Checking just the first 1K probably won't save you too much time unless
you're over a modem. Are you using a byte-range HTTP request to pull
down the images or just a normal GET (via e.g. urllib)? If you're not
using a byte-range request, then all of the data is already on its way
so maybe you could go ahead and get it all.
I'm not familiar with byte-range requests. Is this a standard feature of
webservers? I know there will be more that one K in the pipeline if I do
a read, but if I close the file object from urllib it will stop the
download if there is data remaining - wont it?
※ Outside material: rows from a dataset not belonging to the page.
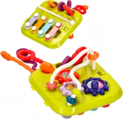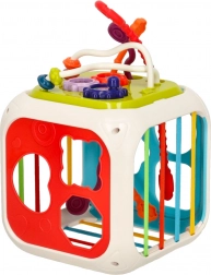 Il cubo offre molte attività che promuovono lo sviluppo sensoriale e la coordinazione occhio-mano.
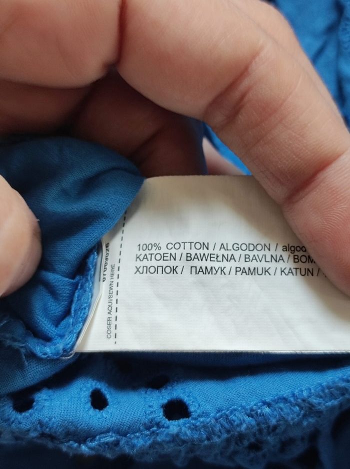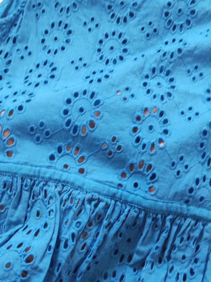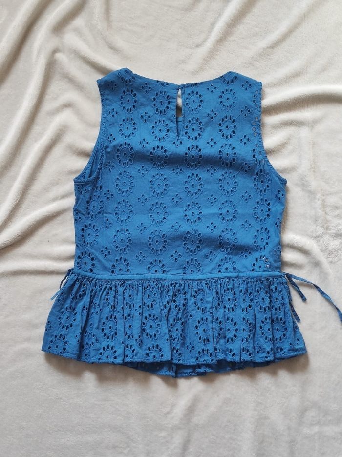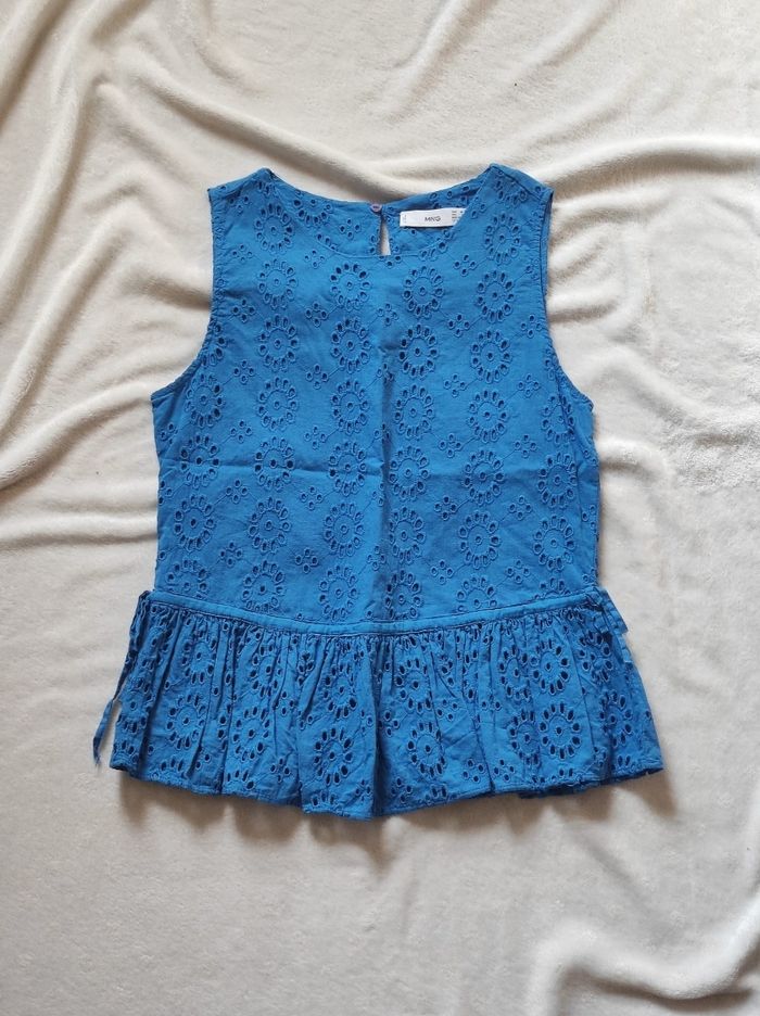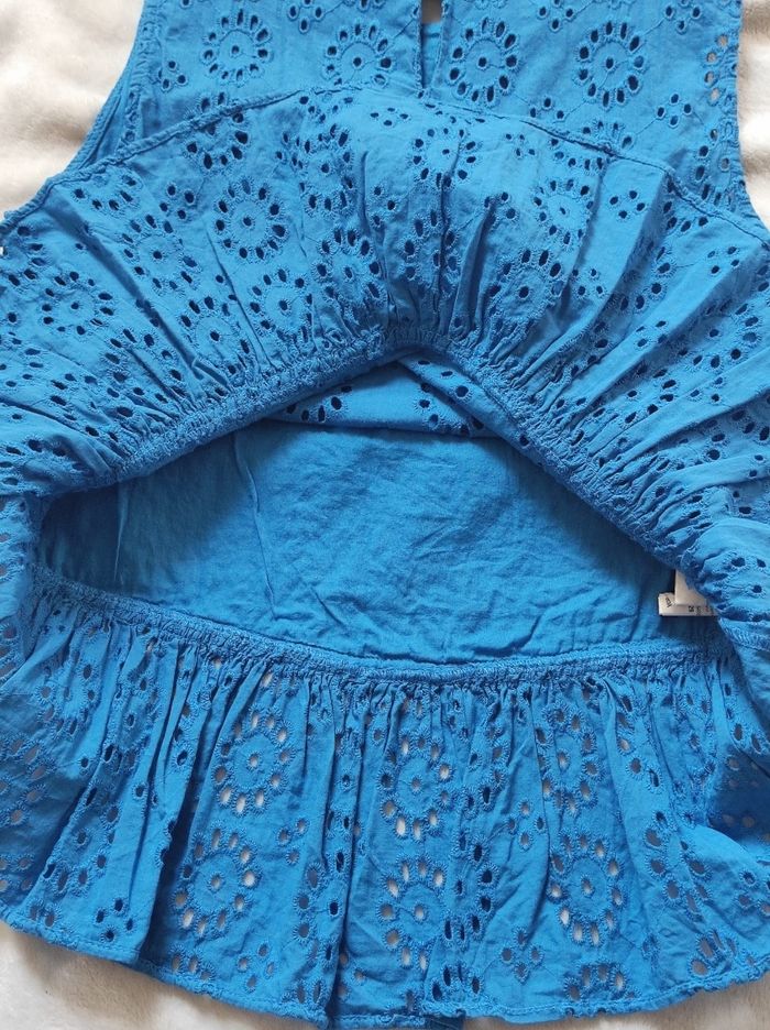jolie petite haut bleu brodé ( intérieur doublé à l'avant ), sans manches, bas volant. 100% coton. Marque mango en taille XS. Bon état général. Ni trous tâches ou déchirures mais le bleu est un peu moins vif qu'au début.
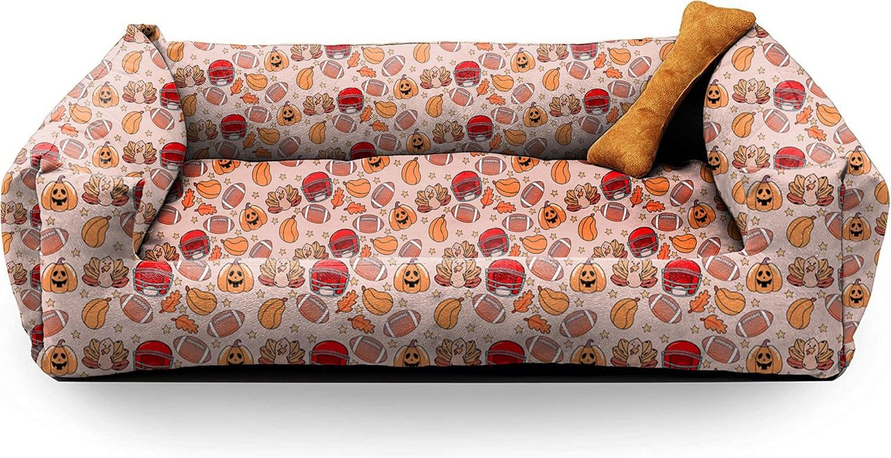 SITSNOOZE Plush Lounger Dog Bed and Cat Bed | Pet Bed for Dogs & Cats | Lounger Dog Bed | Water Resistant Indoor and Outdoor Lounger Bed | Colour: Cream Printed Size : S

But hey, if your current approach works... :) It _is_ a bit
unconventional, so to reduce the risk you could test it on a decent mix
of image types (normal JPEG, progressive JPEG, normal & progressive GIF,
png, etc.) - just to make sure PIL is able to handle partial data for
all different types you might encounter.

Also, if PIL can't handle the partial data, can you reliably detect that
scenario? If so, you could detect that case and use the
download-it-all-and-check approach as a failsafe.

The PIL code worked with most of the images I threw at it (just jpegs),
if there was no 'size' attribute then I just continue to download the
entire image. It may have caused a memory leak though, with this code in
memory usage increased continuously..

Actualy, this may all be moot now. Originally I looked at reading the
image dimensions from the jpeg header, but that turned out to be
non-trivial and I gave up. Fortunately I found some Perl code that does
it, and converted it to Python (and I dont even know Perl!). Here's the
code if anyone is interested..

import struct
def GetJpegSize(data):

idata = iter(data)

width = None
height = None

try:

B1 = ord(idata.next())
B2 = ord(idata.next())

if B1 != 0xFF or B2 != 0xD8:
return -1, -1

while True:

byte = ord(idata.next())

while byte != 0xFF:
byte = ord(idata.next())

while byte == 0xFF:
byte = ord(idata.next())

if byte >= 0xc0 and byte <= 0xc3:
idata.next()
idata.next()
idata.next()
height, width = struct.unpack( '>HH',
"".join(idata.next() for b in range(4)) )
break
else:
offset = struct.unpack('>H', idata.next() +
idata.next())[0] - 2
for _ in xrange(offset):
idata.next()

except StopIteration:
pass

return width, height
if __name__ == "__main__":

first_k = file("test.jpg","rb").read(1024)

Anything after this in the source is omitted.